Blog posts and presentations

Interpretable Machine Learning: The fuss, the concrete and the questions (pdf link). This 125-page (!) presentation is from a tutorial given at ICML 2017 in Sydney the other day. It gives a useful overview of how to think about interpretability in machine learning.

Ideas on interpreting machine learning. This is a very thorough blog post from O’Reilly with a lot of good ideas. It also talks about related things such as dimensionality reduction which I would not call model explanation per se, but which are still good to know.

Fast Forward Labs have announced a new report on interpretable machine learning. (I have not read the actual report.)

Papers with software

Understanding Black-box Predictions via Influence Functions. The paper of this name (associated code here) won a best-paper award at ICML 2017 (again showing how hot this topic is!). The authors use something called an influence function to quantify, roughly speaking, how much a perturbation of a single example in the training data set affects the resulting model. In this way, they can identify the training data points most responsible for a given prediction. One might say that they have figured out a way to differentiate a predictive model with respect to data points in the training set.

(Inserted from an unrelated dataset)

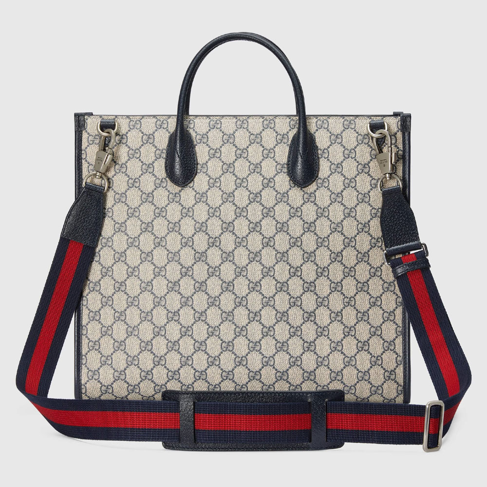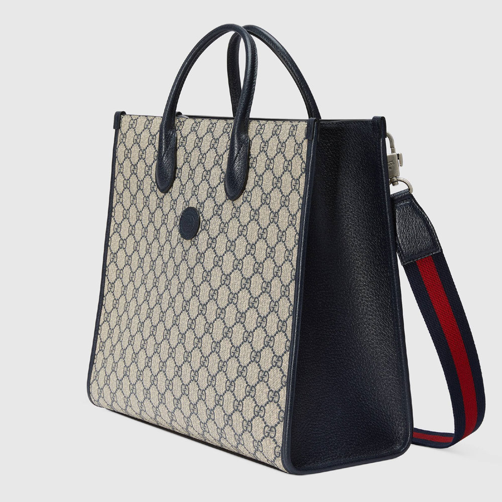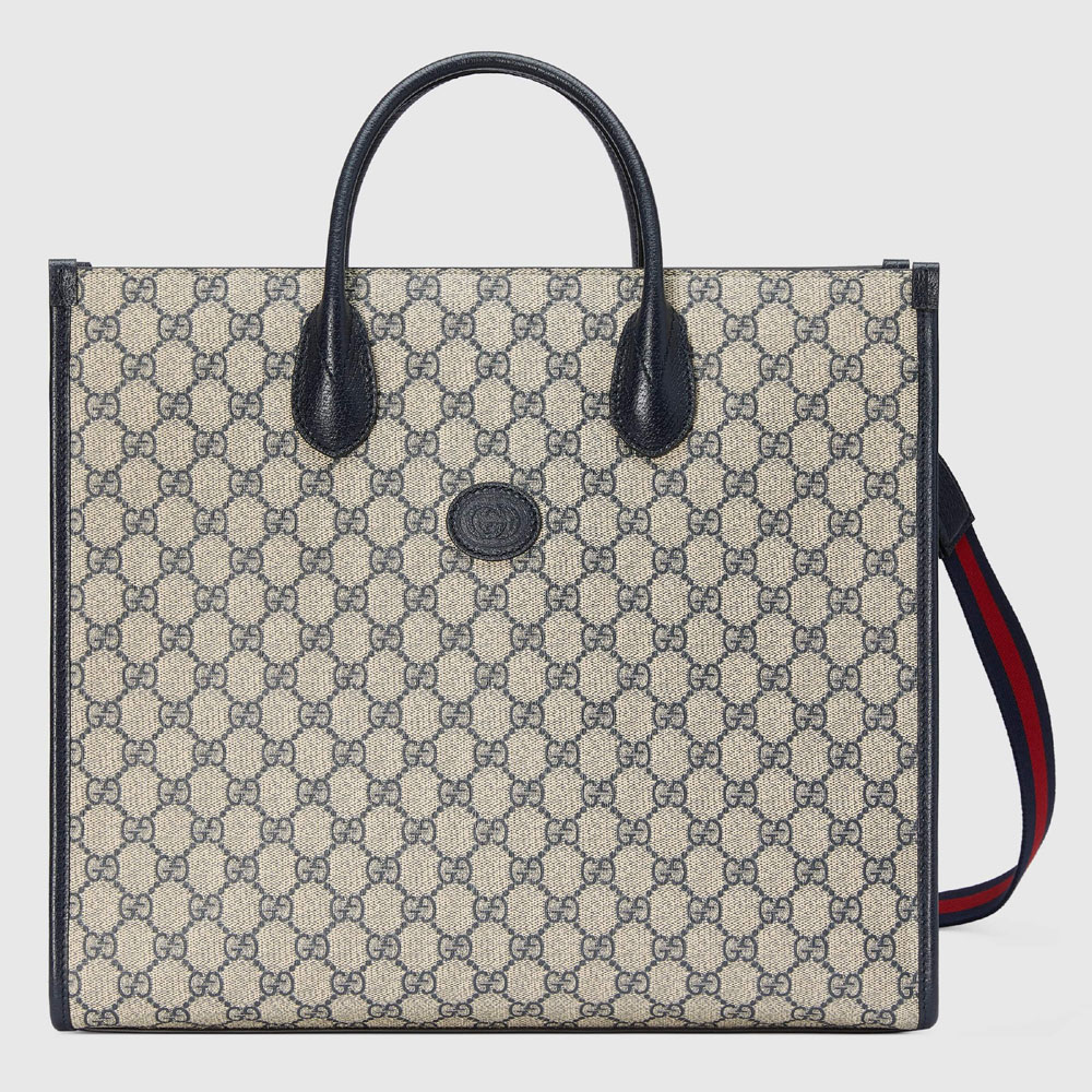 Mirroring the material's historic origins. GG Supreme is introduced in a timeless mix of blue and beige for Gucci Love Parade. With a low environmental impact. the canvas has come to the front of each collection decade after decade to become a hallmark of the House. Here. the classic palette defines this medium Interlocking G tote bag.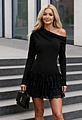 Φόρεμα Μακρυμάνικο Mini Με Δαντέλα & Έναν Ώμο - Μαύρο

LIME, Local Interpretable Model-agnostic Explanations. (arXiv link, code on Github) This has been around for more than a year and can thus be called “established” in the rapidly changing world of machine learning. I have tried it myself for a consulting gig and found it useful for understanding why a certain prediction was made. The main implementation is in Python but there is also a good R port (which is what I used when I tried it.) LIME essentially builds a simplified local model around the data point you are interested in. It does this by perturbing real training data points, obtaining the predicted label for those perturbed points, and fitting a sparse linear model to those points and labels. (As far as I have understood, that is!)

I’m sure I have missed a lot of interesting work.

If anyone is interested, I might write another blog post illustrating how LIME can be used to understand why a certain prediction was made on a public dataset. I might even try to explain the influence function paper if I get the time to try it and digest the math.